• False Advertising Claims
    Commercial Law

    It Matters What You Say – False Advertising Claims

    When considering a claim of false advertising it’s first important to understand what “advertising” is.  Typically, advertising is defined as commercial speech, made for the purpose of influencing someone to buy a product or service, that is then disseminated to the relevant audience.

    But speech is often misconstrued and it depends on the reader or listener what message is actually conveyed.  That is why a claim of false advertising is evaluated from the perspective of the consumer.

    If there is a claim of false advertising, it’s important to understand who can bring the claim?  First, the government can bring a claim with agencies such as the Federal Trade Commission, State Attorneys General, etc.  Competing companies can also bring claims under federal statutes such as the Lanham Act and some state laws.  Consumers may also bring claims and typically do so in the form of a class action.

    To proceed with a false advertising claim the claim itself must be substantiated.
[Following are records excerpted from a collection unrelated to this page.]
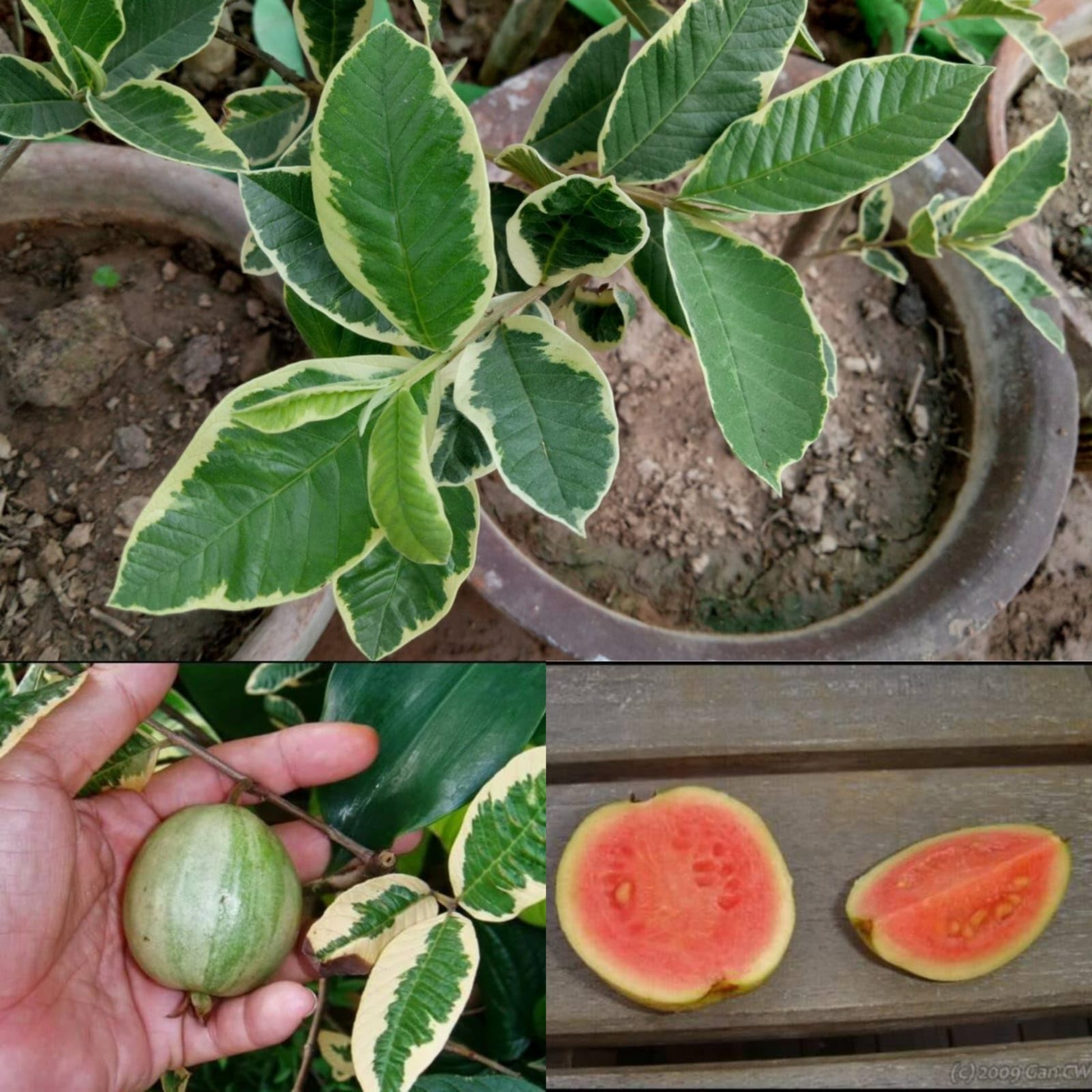 | Common Name | Variegated Guava, Thai Striped Guava, Guayaba Variegada, धारियाँ वाली अमरूद (Dhaariyon Wali Amrood), பட்டை கொய்யா (Pattai Koyya), വരിഗേറ്റഡ് പേരയ്ക്ക (Variegated Peraykka), |
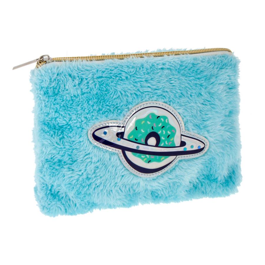 Pluszowy piórnik w kształcie saszetki z zamkiem błyskawicznym. Pomieści niezbędne artykuły piśmiennicze i nie zajmie dużo miejsca w plecaku. Wymiary: 20 x 14 cm
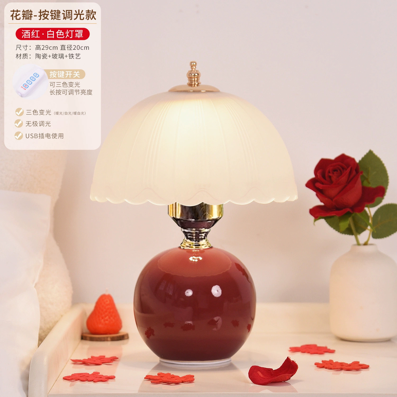 크림 스타일 하이 엔드 라이트 럭셔리 테이블 램프 침실 장미 침대 옆 테이블 분위기 램프 웨딩 크리 에이 티브 따뜻한 야간 조명
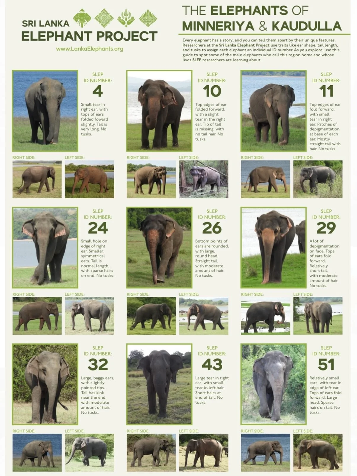 Want to test your elephant identification skills? Use this field guide to get to know some of the elephants that we study at SLEP. Each elephant has been assigned a unique three-digit identification number that acts like a name.
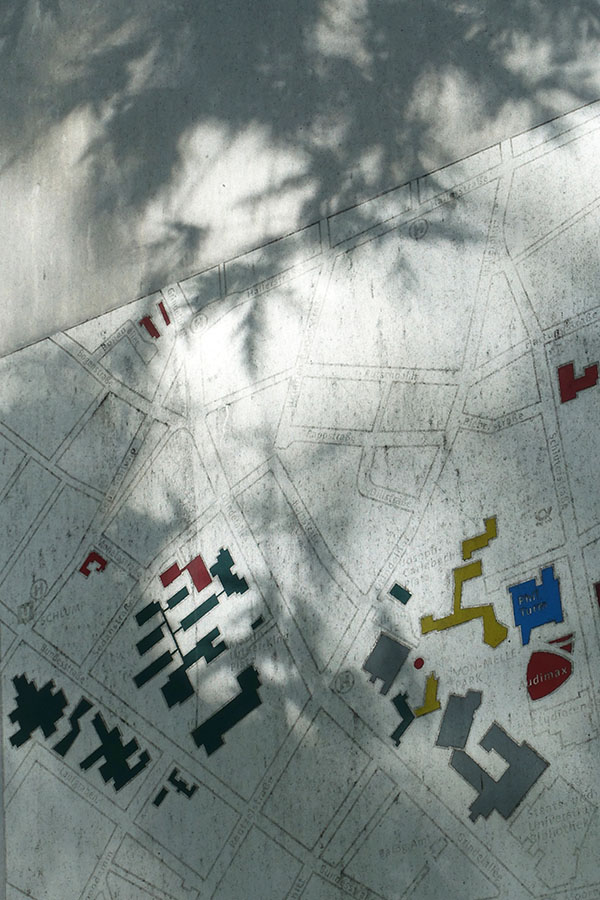 In einem auf wenige Hundert Meter begrenzten Radius wird der Grindel zum schillernden Labyrinth. Durch manche der surrealen, tagtraumartigen Bilder mit ihren Schatten, Spiegelungen und Reflektionen hallt ein Echo der bewegten Geschichte ebenso wie aktueller gesellschaftlicher Debatten.
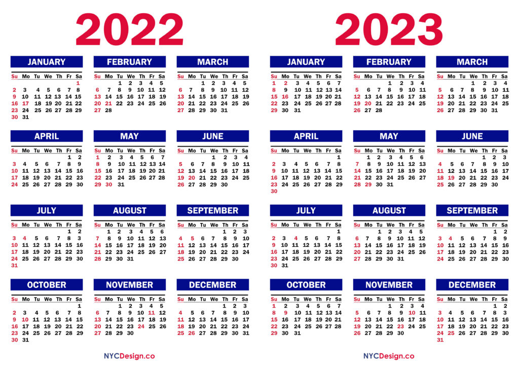 Calendars• Monday Start• Sunday Start• Two Year Calendars 2022 – 2023 Two Year Calendar with US Holidays, Printable Free, Colorful, White, Blue, Green 2021-11-062022-08-04

This is a term of art and has special meaning in this contact.  To substantiate a false advertising claim you must:

    • Competitive claims must be true. They are also prohibited from being misleading.  What can constitute misleading?  Omitting material facts, using suspect or convoluted phrasing, apples and oranges comparisons.
    • Claims must be validated: Saying something true is not good enough, claims must be validated in a measured and reliable way, with supporting documents.